Sequences of the (a) PPT_distal and (b) PPT_prox hybrids (gray nucleotides indicate mutated bases) with the gray boxes highlighting binding sites identified using MS/MS footprinting.

Figure 6

1D water flip-back Watergate ¹H NMR spectra of the imino region of PPT_distal and PPT_prox. (a) PPT_distal at 10 °C: control (top trace), 1.0 equiv of NB (middle trace), and 2.0 equiv of NB (bottom trace). (b) PPT_prox at 30 °C: control (top trace), 1.0 equiv of NB (middle trace), and 2.0 equiv of NB (bottom trace).
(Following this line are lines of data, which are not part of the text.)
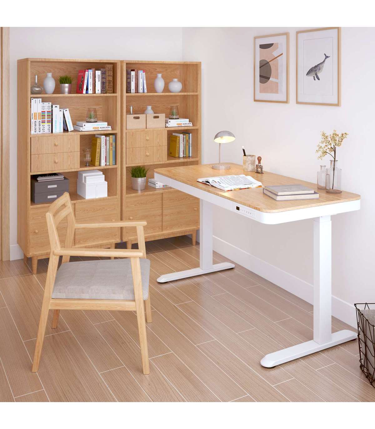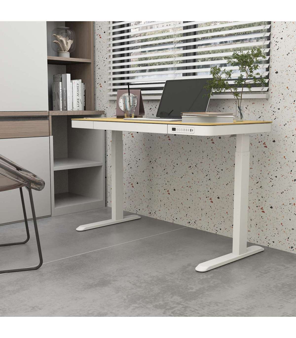 Töölaud ERGO 1-mootoriga 120x60xH72-121cm, tamm/valge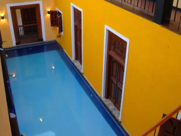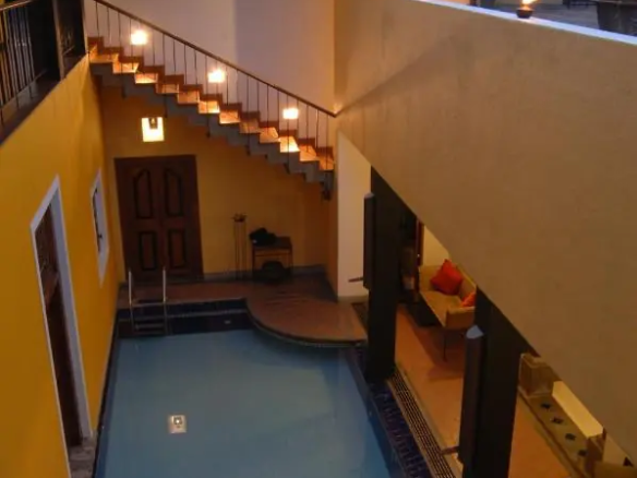 Indoor Pool: A sunlit indoor pool situated in the centre of the villa provides a refreshing retreat. You can enjoy the unique experience of jumping directly from your room into the pool or relaxing with your feet in the water.
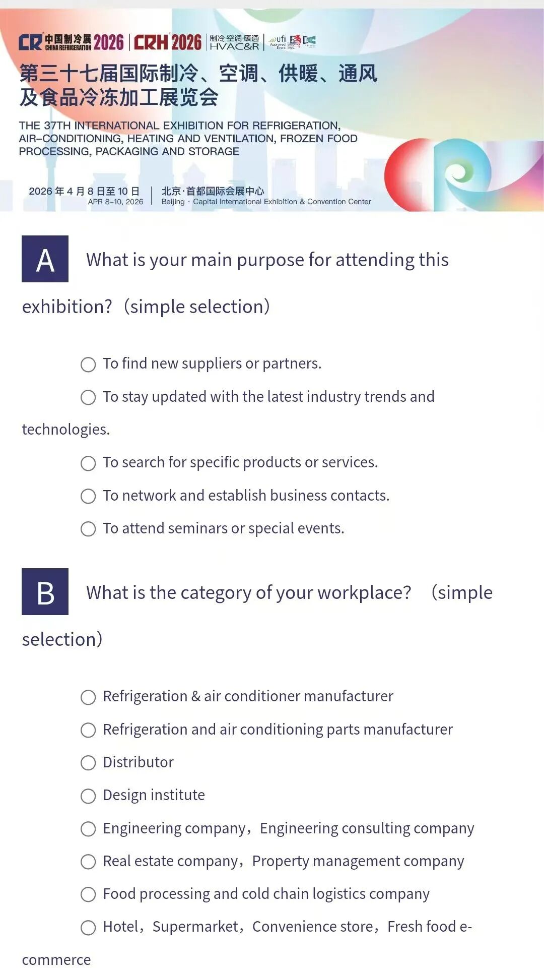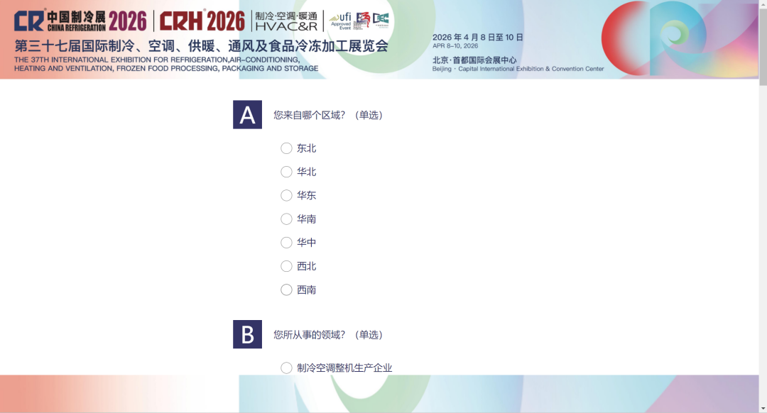 第三十七届国际制冷、空调、供暖、通风及食品冷冻加工展览会(简称“2026中国制冷展”)将于2026年4月8日至10日在北京·首都国际会展中心举办。本届展会以“数智塑冷暖,零碳启新程”(Empower refrigeration and heat pump with digital intelligence for a new chapter of carbon neutrality)为主题,设置A1、A2、B1、B2、B3五个展馆,总面积115,000平方米,预计将吸引全球近30个国家和地区的1,000余家企业和机构参展,80,000余名专业观众和买家参观洽谈,同期举办主题论坛、专题研讨会、技术交流会等70余场会议活动,更有多个主题示范专区精彩亮相。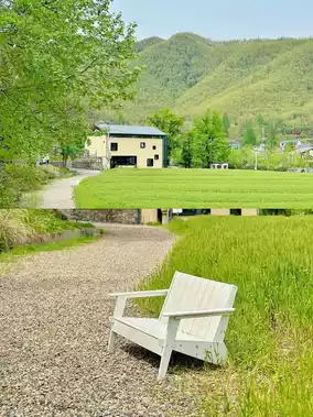 👍✨ Yucun Impression·Youth Library: Unique architecture with expansive lawns and rice fields at the entrance. Enjoy coffee, browse creative shops, or ride the mini train through the fields.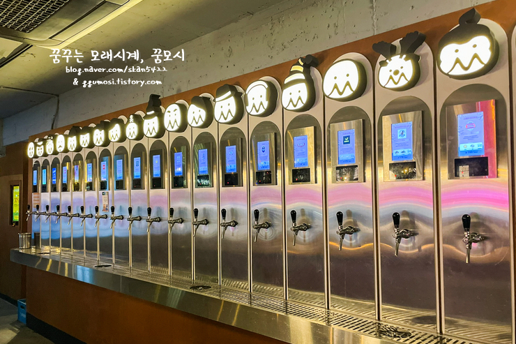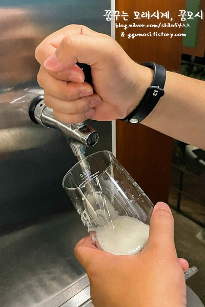 착용한 팔찌를 이용해서 맥주기계?에 태그하고 원하는 양만큼 맥주 담아오기.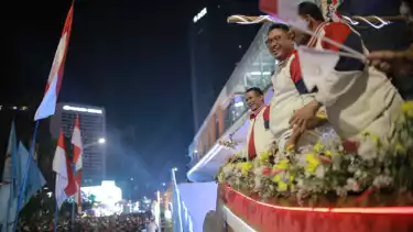 Momen menarik terjadi ketika kapal pinisi melintas di depan panggung utama karnaval. Presiden Prabowo tampak berjoget dengan antusias, disambut sorak riuh masyarakat di sepanjang jalur pawai.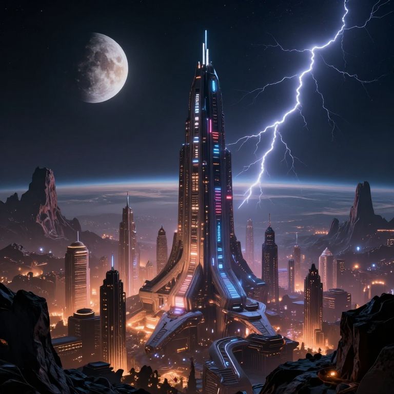 Digital art of a futuristic cityscape with a towering central skyscraper, illuminated by neon lights, under a moonlit sky with striking blue lightning bolts.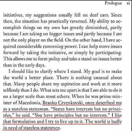Ο Μπράνκο Τσερβενκόφσκι με περιέγραψε κάποτε ως άπατρι πολιτικό άνδρα. "Τα κράτη έχουν συμφέροντα, αλλά όχι αρχές", είπε. "Εσείς έχετε αρχές αλλά όχι συμφέροντα." Μου αρέσει αυτή η διατύπωση και προσπαθώ να ανταποκριθώ σε αυτήν. Ο κόσμος χρειάζεται απελπισμένα απάτριδες πολιτικούς - τάδε έφη Τζορτζ Σόρος.

Dotted lines and arrows indicate the shift in position of the resonances.

Figure 7

Nanospray FTICR mass spectra of (a) the initial equimolar mixture of the four PPT substrates (5 μM each), (b) products obtained after a 1-fold per substrate addition of NB, and (c) the assemblies after 10-fold ligand addition (see Materials and Methods): (■) PPT_DNA, (▼) PPT_swp, (▲) PPT_wt, and (◆) PPT_RNA. Stars denote the positions of bound ligand. The high resolution and accuracy afforded by this analytical platform enabled unambiguous identification of the different species in solution according to their unique molecular masses (see also Figure 2).

Figure 8

1D water flip-back Watergate ¹H NMR spectra of the imino region of the PPT_swp and PPT_RNA. (a) PPT_swp at 10 °C: control (top trace), 1.0 equiv of NB (middle trace), and 2.0 equiv of NB (bottom trace). (b) PPT_RNA at 30 °C: control (top trace), 1.0 equiv of NB (top middle trace), 2.0 equiv of NB (bottom middle trace), and 3.0 equiv of NB (bottom trace). Dotted lines and arrows indicate the shifts in position of the resonances.

Figure 9

CD spectra with 5.0 equiv of NB (red trace) and without NB (blue trace) of (a) PPT_RNA, (b) PPT_swp, and (c) PPT_WT hybrid samples.